CLEP adapts CLIP-style contrastive learning to "3D Human Pose ↔ Natural Language". By combining the hierarchical pose encoder HierFormer (joint/limb/full-body levels + Cross-Scale Attention Fusion, CSAF) with the self-constructed CLEP-2M dataset (2 million pairs) for contrastive pretraining, it boosts mRecall on PoseScript-H zero-shot retrieval from 5.9 to 34.8 (nearly 6x) and outperforms baselines in downstream tasks like pose generation and editing.

Background & Motivation¶

Background: Understanding human pose is the foundation for various applications such as pose-conditioned image generation, text-driven person retrieval, motion editing, and mesh recovery. Natural language can describe pose semantics (e.g., "left hand raised to shoulder height, body leaning slightly forward") much more finely than action categories. Therefore, "pose-language alignment" is considered a fundamental capability for human-centric multimodal understanding and generation. CLIP has demonstrated that image-text alignment unlocks powerful zero-shot capabilities; the pose domain naturally seeks to replicate this success.
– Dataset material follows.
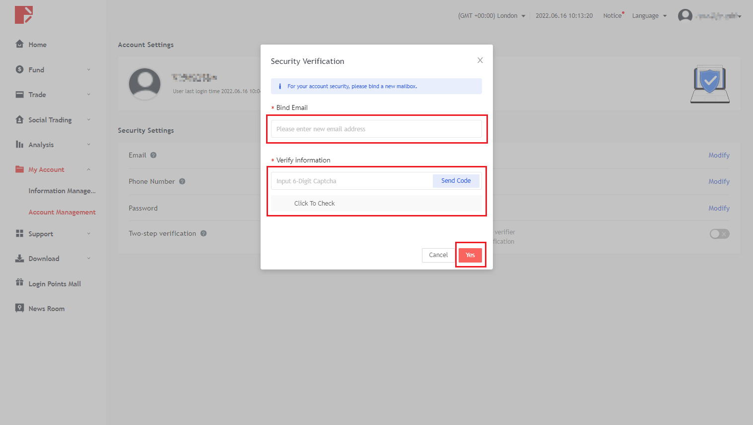 1. D Prime 사용자 센터에 로그인한 후, 왼쪽 열의 "내 계정"을 클릭하고, "계정 관리"를 선택하여 "계정 설정" 인터페이스에 들어간 후, "이메일" 또는 "휴대폰 번호"에서 "편집"을 클릭하세요.

Limitations of Prior Work: Early efforts like PoseScript only contained approximately 100k pose-text pairs, with small scale and narrow description diversity, causing contrastive objectives to learn very little and limiting alignment capability. Subsequent works like ChatPose, UniPose, and ChatHuman leveraged LLMs (sometimes with external expert tools) for pose generation/estimation. However, they bypassed explicit alignment in a shared embedding space, leading to noise, low efficiency, and accumulated errors across layers, resulting in fragmented representations.

Key Challenge: The quality of pose-language alignment is hindered by two factors: first, the lack of a pose representation that understands human structure (PoseScript flattens joint coordinates into fixed-length vectors, losing the "joint → limb → full body" hierarchy and failing to adapt to different skeleton configurations); second, the lack of large-scale, semantically rich pose-language paired data. Addressing only one is insufficient.
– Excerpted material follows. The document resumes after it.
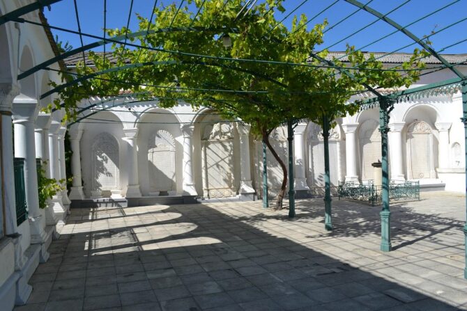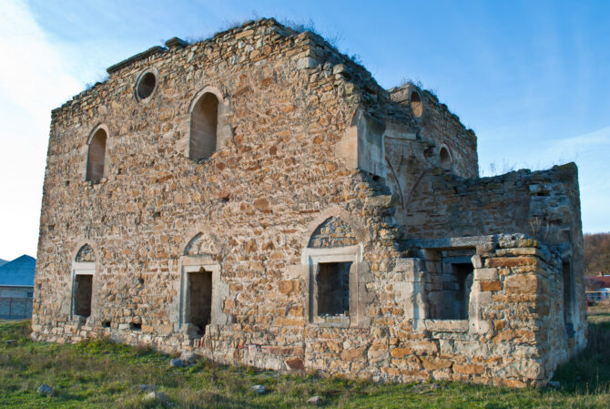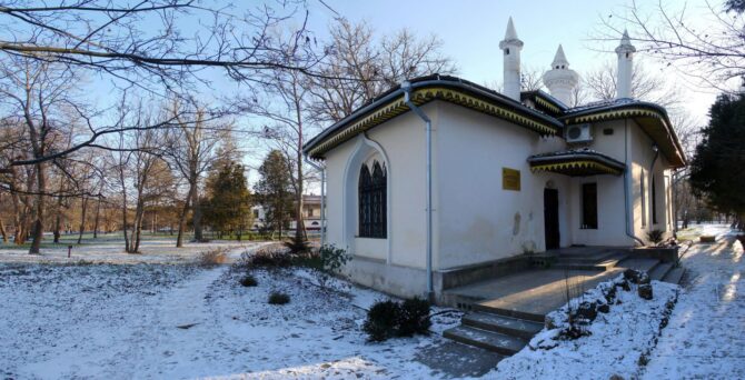 В 14 км от Симферополя в поселке Пионерский находятся руины одной из самых древних мечетей полуострова – Эски-Сарай. Она была построена в 14-м веке, когда Крым стал частью Золотой Орды. Исследователи утверждают, что рядом с ней находился дворец калги-султана (второго по значимости человека в государстве после хана) и монетный двор. От них ничего не сохранилось, даже упоминаний. Хотя первое современное описание мечети появилось еще в 1794 году. Заметку составил ученый-энциклопедист Петр Паллас (основатель Ботанического сада Симферополя). По мнению Павла Сумарокова, который путешествовал по Крыму в 1803 году, именно Эски-Сарай стала той Ак-мечетью, которая дала название средневековому Симферополю. Согласно описанию профессора Никольского, в 1923 году здание украшал купол, который до наших дней не сохранился. Но до сих пор строение впечатляет своими размерами и уникальной архитектурой.

Goal: To develop a foundational model that explicitly aligns pose and language in a shared space from both the representation and data levels.
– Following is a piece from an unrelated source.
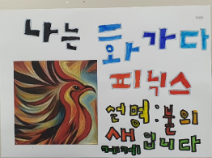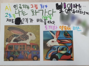 A가 기차를 그리며 설명했습니다. “어렸을 때 기차가 나오는 애니메이션을 보고 기차가 좋아졌어요.” “기차를 바라보는 소도 그리고 싶어요.” “전 고갱 그림이 좋아요.” 예시로 제시한 화가 이름 중에 고갱의 이름이 없었지만, 클래식 음악을 좋아하는 A는 화가 고갱에 대해 알고 있었던 것이죠. A는 처음엔 고흐 스타일로, 뒤이어 고갱 스타일로 그림을 표현했습니다. 고양이를 키우고 싶었던 B는 귀여운 고양이를 그렸습니다. 고양이 그림을 현관문에 붙여 놓겠다며 그림 제목을 예쁘게 쓰고 활동지를 소중하게 껴안았습니다. 평소 지하철과 버스 등의 교통수단에 관심이 많던 C는 버스에 탄 토끼와 앵무새를 그렸습니다. 늘 차분하고 진지하게 수업에 임하는 D는 500년마다 한 번씩 불에 타 죽고 부활한다는 이집트 신화 속의 불새 피닉스를 에너지 넘치게 표현했죠.

Key Insight: The human body is inherently hierarchical—from fine-grained joints (fingertips, toes) to high-level components (torso, limbs). The authors design a hierarchical Transformer pose encoder to capture both local details and global structure, then align it with text using contrastive learning.

Core Idea: Implement the CLIP paradigm for 3D pose-language via "HierFormer (with CSAF) + 2M self-constructed pairs + SigLIP loss" to learn transferable aligned representations.

Method¶

Overall Architecture¶

CLEP is a dual-tower contrastive pretraining framework. The pose branch uses the HierFormer encoder, while the text branch uses a finetuned BERT (plus 8 Transformer layers); both towers are aligned in a shared space using a contrastive loss. To enable this, the authors first solved the data scarcity problem by extracting diverse key poses from MotionX++ sequences and rewriting descriptions via GPT-4o to create CLEP-2M. During pretraining, both towers are trained jointly; for downstream use, both encoders are frozen, and lightweight adapters are attached for retrieval, generation, and editing tasks.

The pipeline from top to bottom is: Dataset Construction → Hierarchical Pose Encoding (HierFormer) → Cross-Scale Attention Fusion (CSAF) to get Pose Vector → SigLIP Contrastive Alignment with Text Encoder → Frozen Encoders + Adapters for Downstream Tasks.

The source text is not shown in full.